Records shown:
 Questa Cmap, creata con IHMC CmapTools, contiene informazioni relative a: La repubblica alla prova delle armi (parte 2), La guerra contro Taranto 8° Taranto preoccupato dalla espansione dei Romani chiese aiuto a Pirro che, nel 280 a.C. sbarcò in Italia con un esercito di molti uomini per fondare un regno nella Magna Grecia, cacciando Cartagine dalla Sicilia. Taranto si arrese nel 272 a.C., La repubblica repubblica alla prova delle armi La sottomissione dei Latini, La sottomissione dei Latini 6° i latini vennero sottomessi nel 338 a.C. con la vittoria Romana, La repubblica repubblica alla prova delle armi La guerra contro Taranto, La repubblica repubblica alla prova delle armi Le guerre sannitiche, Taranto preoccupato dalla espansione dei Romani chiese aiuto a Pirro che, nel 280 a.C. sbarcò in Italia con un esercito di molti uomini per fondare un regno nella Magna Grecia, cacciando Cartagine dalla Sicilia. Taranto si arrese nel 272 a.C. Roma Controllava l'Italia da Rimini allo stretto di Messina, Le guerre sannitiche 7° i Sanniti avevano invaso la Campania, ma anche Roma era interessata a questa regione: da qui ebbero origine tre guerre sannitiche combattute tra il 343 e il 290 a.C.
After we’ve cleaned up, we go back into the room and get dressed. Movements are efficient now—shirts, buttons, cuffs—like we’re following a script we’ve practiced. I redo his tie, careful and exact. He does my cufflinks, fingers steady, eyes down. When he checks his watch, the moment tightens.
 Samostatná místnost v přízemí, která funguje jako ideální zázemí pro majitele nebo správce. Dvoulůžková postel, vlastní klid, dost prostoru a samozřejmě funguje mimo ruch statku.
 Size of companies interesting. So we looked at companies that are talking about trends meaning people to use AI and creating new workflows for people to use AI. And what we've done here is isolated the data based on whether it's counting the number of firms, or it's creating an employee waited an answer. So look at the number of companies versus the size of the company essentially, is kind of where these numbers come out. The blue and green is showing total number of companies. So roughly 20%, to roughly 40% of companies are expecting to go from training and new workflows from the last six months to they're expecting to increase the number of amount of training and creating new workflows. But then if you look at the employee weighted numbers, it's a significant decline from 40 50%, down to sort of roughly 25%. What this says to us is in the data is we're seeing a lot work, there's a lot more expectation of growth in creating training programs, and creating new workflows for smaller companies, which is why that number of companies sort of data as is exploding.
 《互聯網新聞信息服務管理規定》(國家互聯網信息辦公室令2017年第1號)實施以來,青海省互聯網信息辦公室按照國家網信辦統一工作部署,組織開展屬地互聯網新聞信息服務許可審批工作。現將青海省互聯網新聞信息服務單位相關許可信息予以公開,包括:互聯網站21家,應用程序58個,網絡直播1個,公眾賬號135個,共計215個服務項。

---

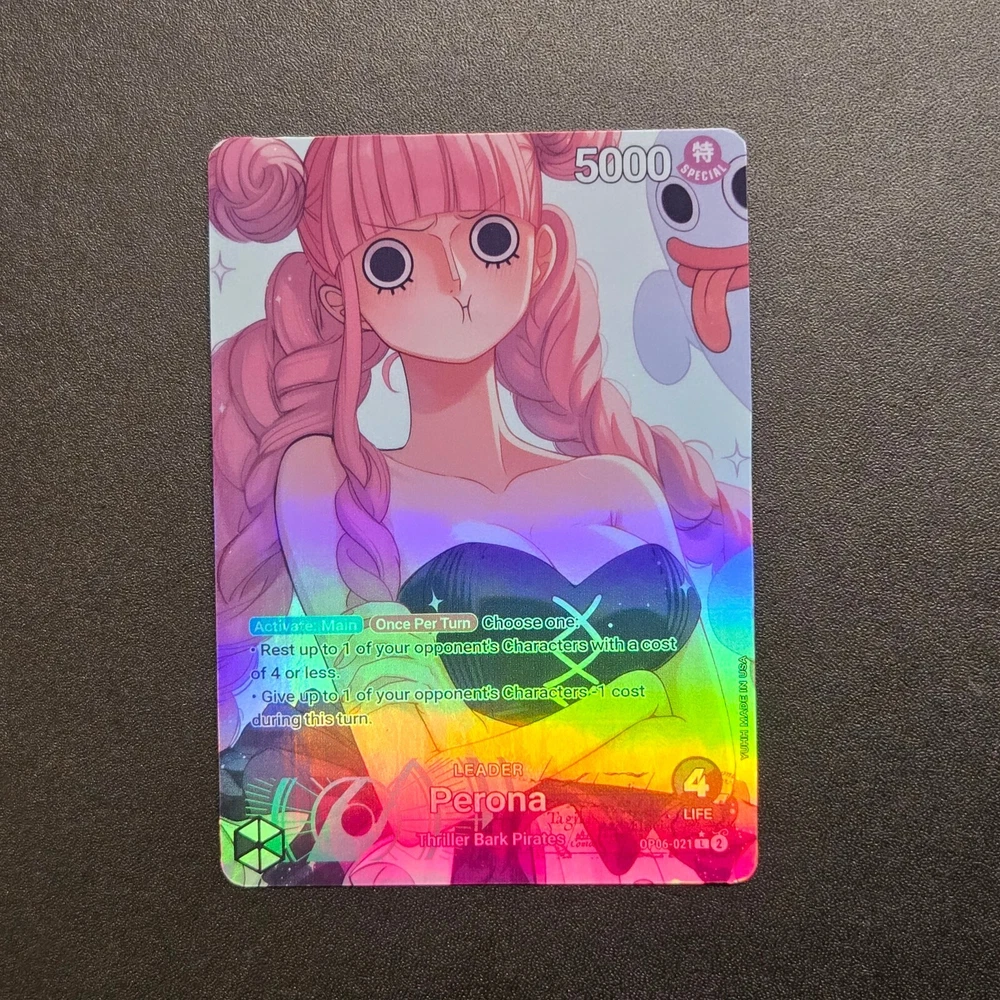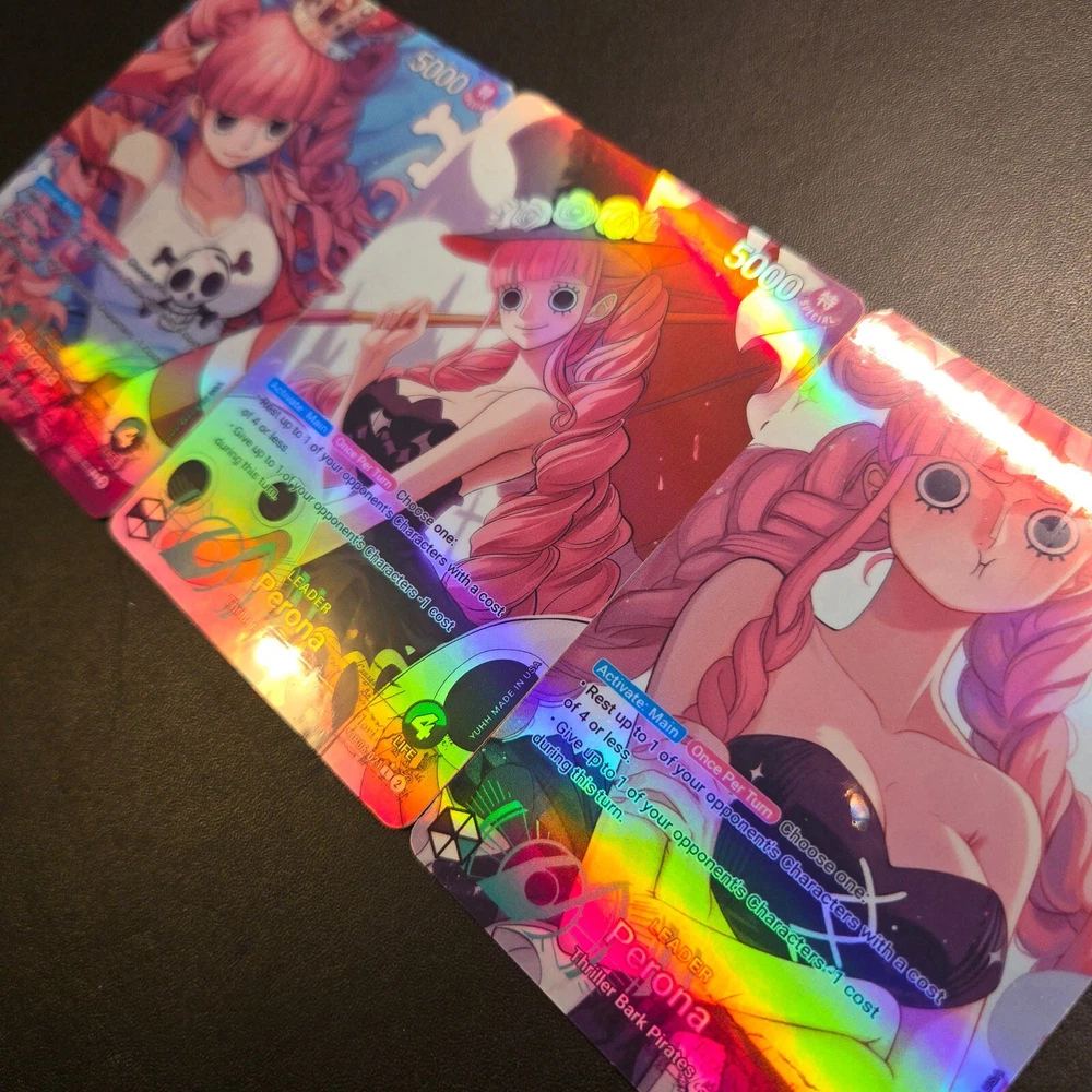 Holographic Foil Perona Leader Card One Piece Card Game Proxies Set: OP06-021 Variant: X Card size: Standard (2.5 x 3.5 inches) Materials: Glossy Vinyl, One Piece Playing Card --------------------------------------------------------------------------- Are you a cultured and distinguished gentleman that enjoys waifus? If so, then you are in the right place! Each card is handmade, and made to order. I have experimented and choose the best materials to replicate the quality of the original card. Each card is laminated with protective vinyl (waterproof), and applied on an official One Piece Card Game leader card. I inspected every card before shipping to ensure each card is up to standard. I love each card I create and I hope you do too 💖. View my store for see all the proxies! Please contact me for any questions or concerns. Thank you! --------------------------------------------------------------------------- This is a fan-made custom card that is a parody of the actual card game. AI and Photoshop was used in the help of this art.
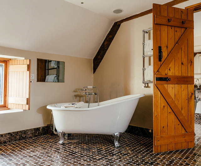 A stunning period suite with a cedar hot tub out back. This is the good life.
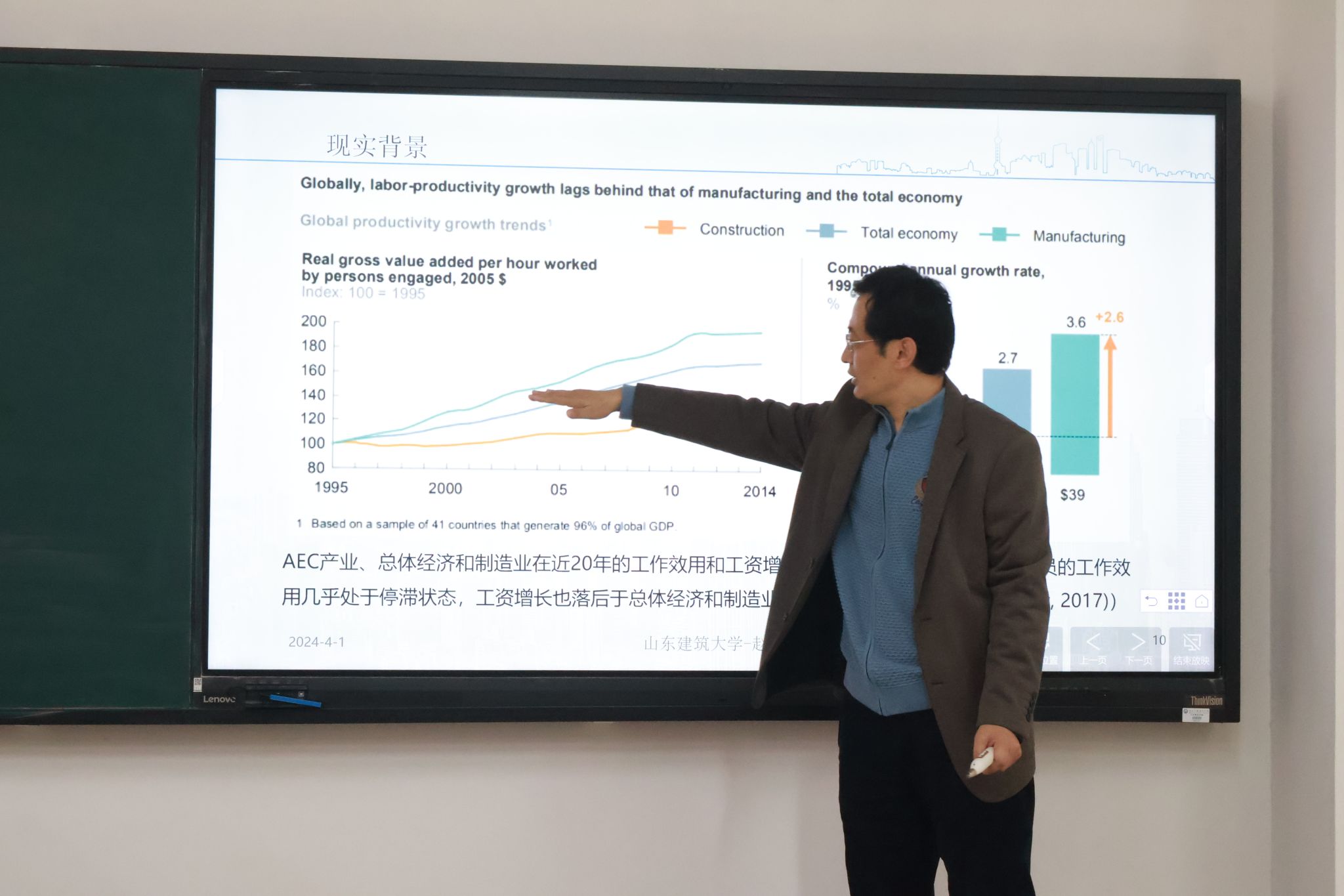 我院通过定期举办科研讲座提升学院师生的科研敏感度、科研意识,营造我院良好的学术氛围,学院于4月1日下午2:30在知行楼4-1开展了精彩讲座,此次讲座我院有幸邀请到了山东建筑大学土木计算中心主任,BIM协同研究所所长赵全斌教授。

* * *

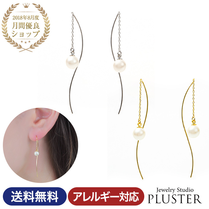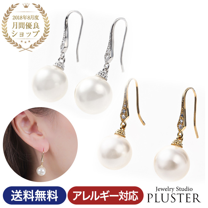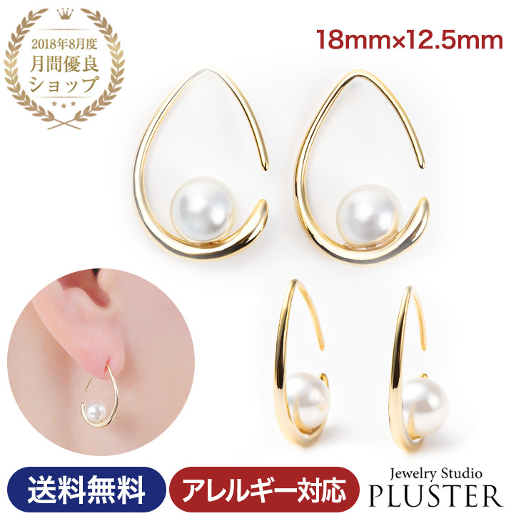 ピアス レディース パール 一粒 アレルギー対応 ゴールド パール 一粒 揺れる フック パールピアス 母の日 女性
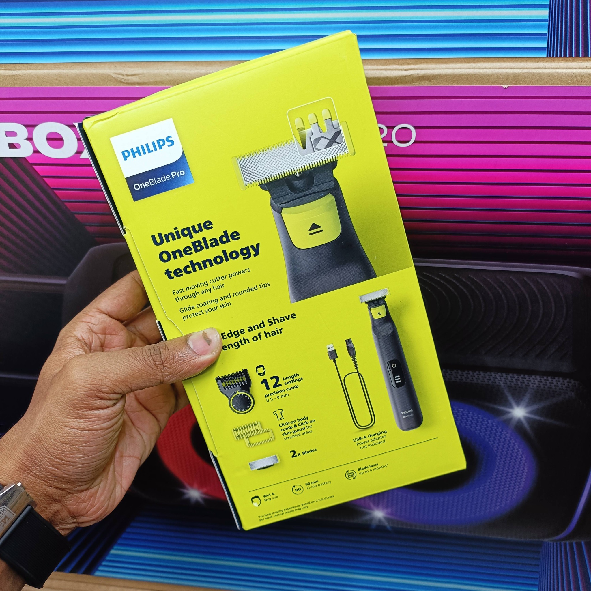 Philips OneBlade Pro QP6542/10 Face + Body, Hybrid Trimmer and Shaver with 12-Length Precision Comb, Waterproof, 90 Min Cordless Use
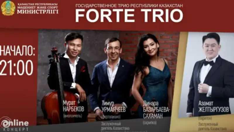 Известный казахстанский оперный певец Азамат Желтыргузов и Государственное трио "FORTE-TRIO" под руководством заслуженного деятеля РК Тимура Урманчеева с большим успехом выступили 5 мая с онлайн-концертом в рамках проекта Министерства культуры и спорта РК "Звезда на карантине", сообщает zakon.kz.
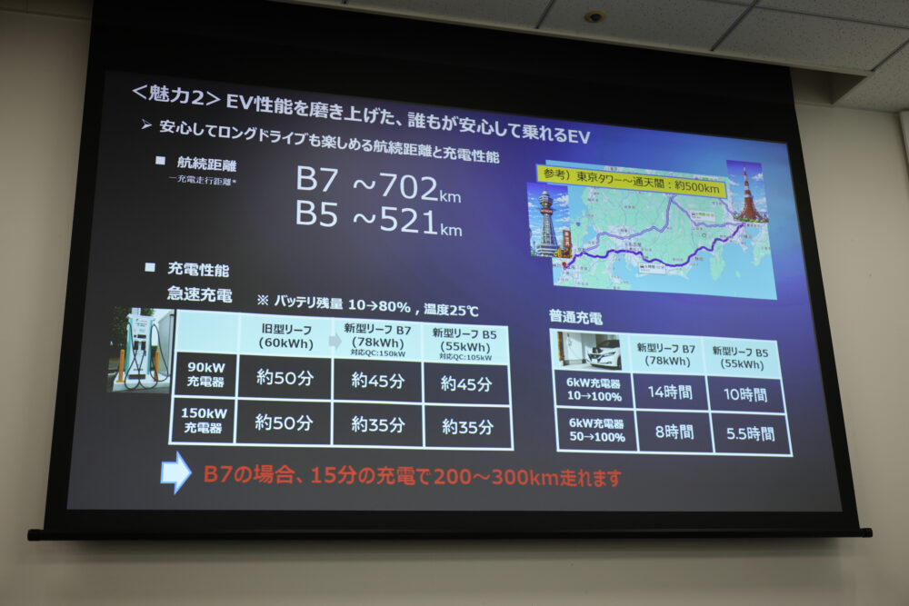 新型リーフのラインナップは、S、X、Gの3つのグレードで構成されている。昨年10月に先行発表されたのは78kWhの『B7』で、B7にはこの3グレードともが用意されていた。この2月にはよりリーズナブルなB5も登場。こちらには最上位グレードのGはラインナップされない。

Exercise objective: A verbatim transcription is needed of the lines above, starting at the line with "After we’ve cleaned" and ending at the line with "Samostatná místnost v", both included, and of nothing else.

Problem solution:
After we’ve cleaned up, we go back into the room and get dressed. Movements are efficient now—shirts, buttons, cuffs—like we’re following a script we’ve practiced. I redo his tie, careful and exact. He does my cufflinks, fingers steady, eyes down. When he checks his watch, the moment tightens.
 Samostatná místnost v přízemí, která funguje jako ideální zázemí pro majitele nebo správce. Dvoulůžková postel, vlastní klid, dost prostoru a samozřejmě funguje mimo ruch statku.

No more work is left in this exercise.